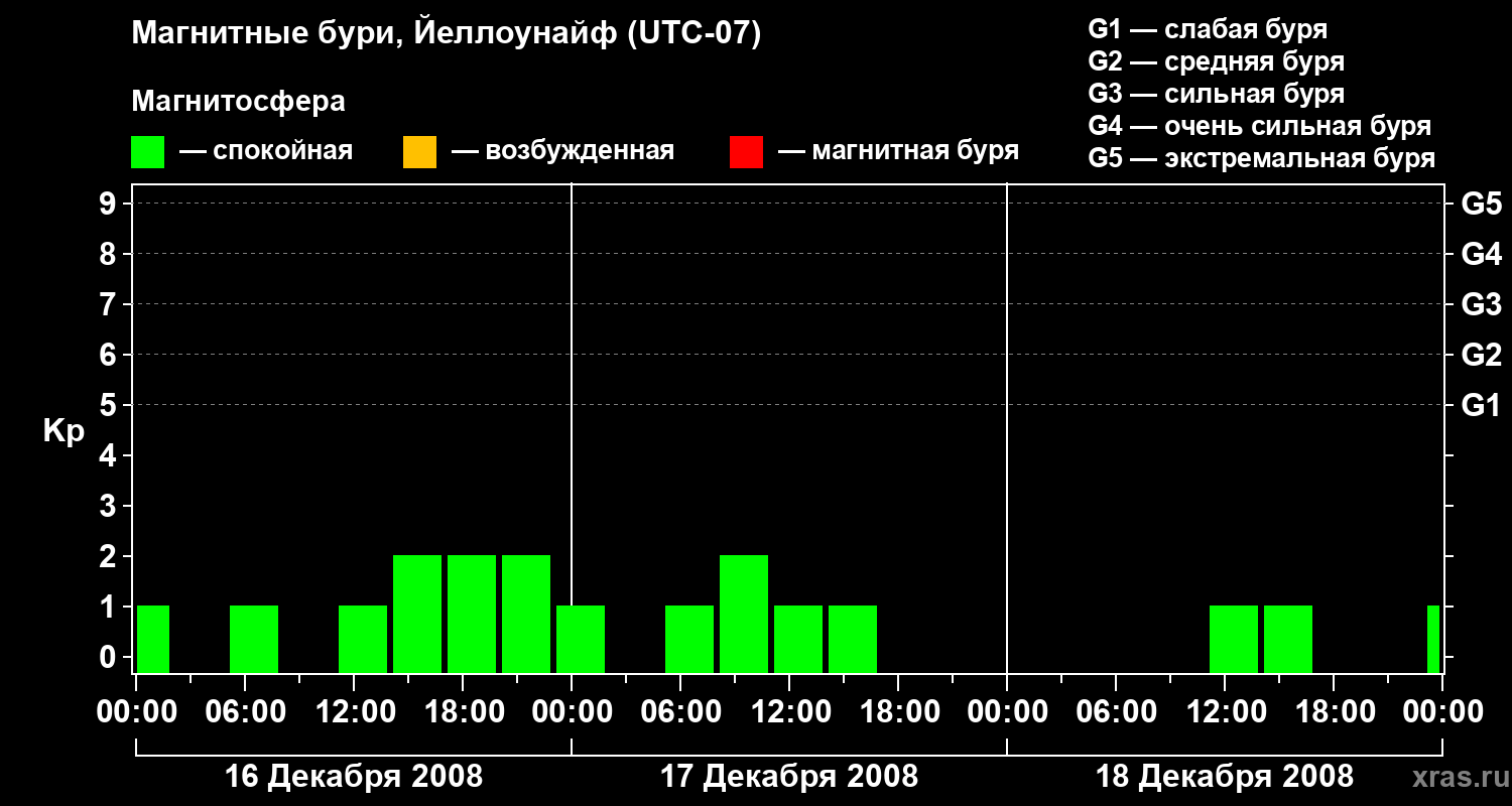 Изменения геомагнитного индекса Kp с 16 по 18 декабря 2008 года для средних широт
...
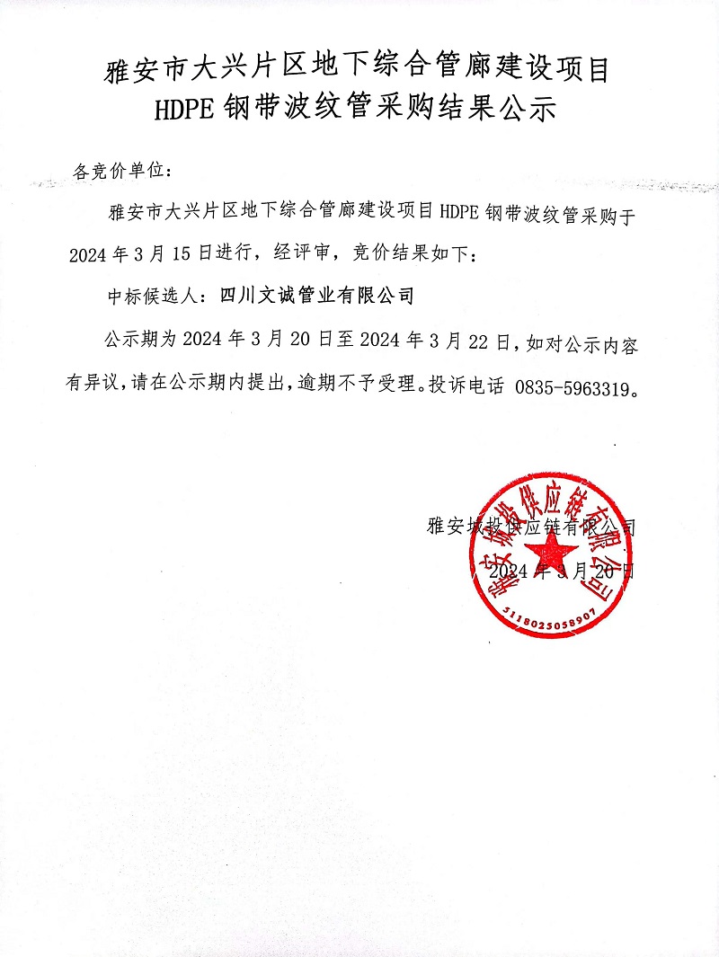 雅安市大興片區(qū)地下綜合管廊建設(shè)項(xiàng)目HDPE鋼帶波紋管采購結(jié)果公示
* * *
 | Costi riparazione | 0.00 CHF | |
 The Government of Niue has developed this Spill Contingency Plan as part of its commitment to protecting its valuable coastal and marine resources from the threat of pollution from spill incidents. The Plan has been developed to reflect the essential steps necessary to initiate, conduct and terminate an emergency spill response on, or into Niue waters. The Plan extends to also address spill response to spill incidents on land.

Problem to solve: Where the line holding "0.00 CHF | |" appears in the listing above, start reproducing exactly, and end with the line holding "The Government of".

Exercise output:
 | Costi riparazione | 0.00 CHF | |
 The Government of Niue has developed this Spill Contingency Plan as part of its commitment to protecting its valuable coastal and marine resources from the threat of pollution from spill incidents. The Plan has been developed to reflect the essential steps necessary to initiate, conduct and terminate an emergency spill response on, or into Niue waters. The Plan extends to also address spill response to spill incidents on land.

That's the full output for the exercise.